MoPc: Multi-omics Partial correlation analysis

MoPc (Multi-omics partial correlation analysis) is software to reveal the miRNA drivers of a biological process in a multi-omics dataset, starting from the expression matrices of mRNA, proteomics, and miRNA.

In the presence of such matrices, the canonical approach to identify miRNA drivers consists in carrying out the mRNA-miRNA correlation (mRNA and miRNA matrices) and proteomics-miRNA (proteomics and miRNA matrices).

Although this approach has proved effective, MoPc introduces the partial correlation measurement between the mRNA and proteomic matrices, conditioned on the expression of miRNAs. In particular, MoPc selects as a driver the miRNAs in which the partial correlation p-value is better (therefore lower) than the bivariate mRNA-proteomic correlation p-value. The tool also verifies the enrichment of the mRNA-miRNA pairs found with what is already available in the literature in three well-known databases: mirDB, TargestScan, mirTarbase.

Installation

You can install the development version of MoPc from GitHub with:

# install.packages("devtools")
devtools::install_github("martalovino/MoPc")

Why should you use MoPc

MoPc identifies the miRNA drivers starting from a multi-omic dataset composed of:

Input

To run MoPc you need:

You can find a sample dataset directly inside the package, which you can easily replace with your data.

Output

The MoPc output consists of:

Please, see the example below.

Example

Below you will find an illustrative example of the input data and the tool's output.
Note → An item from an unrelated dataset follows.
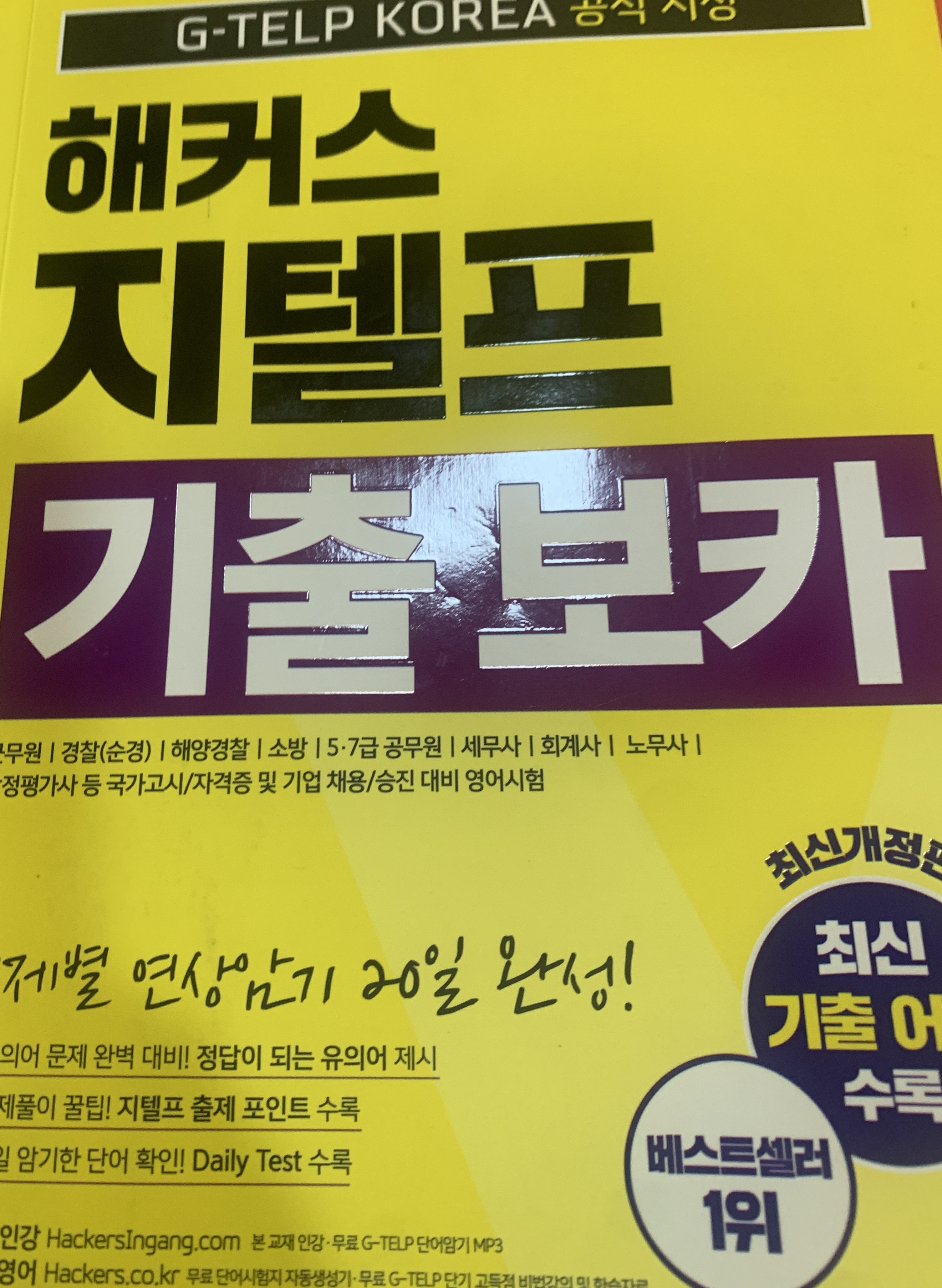 지텔프 준비하면서 제일 먼저구매한게 단어장입니다. 어학시험에서 기본이니까 고민도 많이 했습니다. 서점에서 한번씩 다 살펴보고 실제 지텔프 65점 달성하신분들 후기 읽어봐도 가장 인기있는게 해커스라서 구매했는데 역시 믿고보는 해커스 추천합니다. 편집도 깔끔하고 지원서비스도 좋아서 감사합니다.

The tool consists of several parts:

Setup and parameters setting

This part loads the package and set proper hyper-parameters.

library(MoPc)

# Parameters
corr_method <- "pearson"
mat1_name <- "rna"
mat2_name <- "prot"
mat3_name <- "mirna"
ncores = 7
fdr_th <- 0.05
improvement_th <- 0
out_folder <- "results"
dir.create(out_folder, showWarnings = FALSE)

Data loading and preprocessing

This part loads the package and set proper hyper-parameters.
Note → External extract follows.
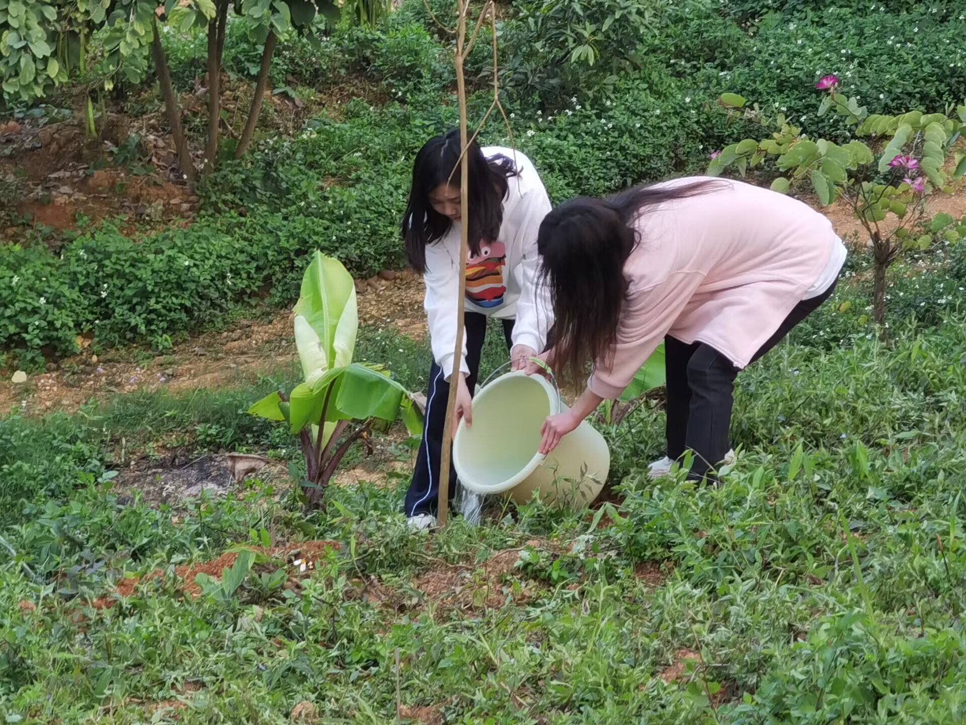 植树现场热火朝天,师生们纷纷撸起袖子,除草、挥锹铲土、扶苗固正、培土压实、浇水灌溉,每一道工序都一丝不苟、衔接有序。师生交流栽种新树、加强绿色生态发展的看法。植树活动中,大家分工明确,配合默契,干得热火朝天。挥铲之间,一棵棵新植向阳而生。一锹土,一桶水,浇灌的是生机和希望,承载的是大家的绿色环保梦想。

# load breast cancer dataset
data(rna)
data(prot)
data(mirna)


# minimalist preprocecessing: selecting only common samples and common genes
# between rna and prot
d <- minimalist_preproc(rna, prot, mirna)

# annotate and sort genes/mirnas by chromosomal order
rna <- annotate_genes(d$mat1)
prot <- annotate_genes(d$mat2)
mirna <- annotate_mirnas(d$mat3)

#-------------------------------------------------------------------------------
# DEFINING ROWS and COLUMNS of partial correlation matrix
# usually genes on the rows and mirnas or CNAs on the columns
#-------------------------------------------------------------------------------
genes_proteins <- rownames(rna$data)
condv <- rownames(mirna$data)
gene_annot <- rna$annot
condv_annot <- mirna$annot

Core part of the tool: partial correlation computation, and validation information

This part loads the package and set proper hyper-parameters.

#-------------------------------------------------------------------------------
# PARTIAL CORRELATION COMPUTAION
#-------------------------------------------------------------------------------
a <- compute_pc_values(rna$data, prot$data, mirna$data, corr_method, out_folder, ncores)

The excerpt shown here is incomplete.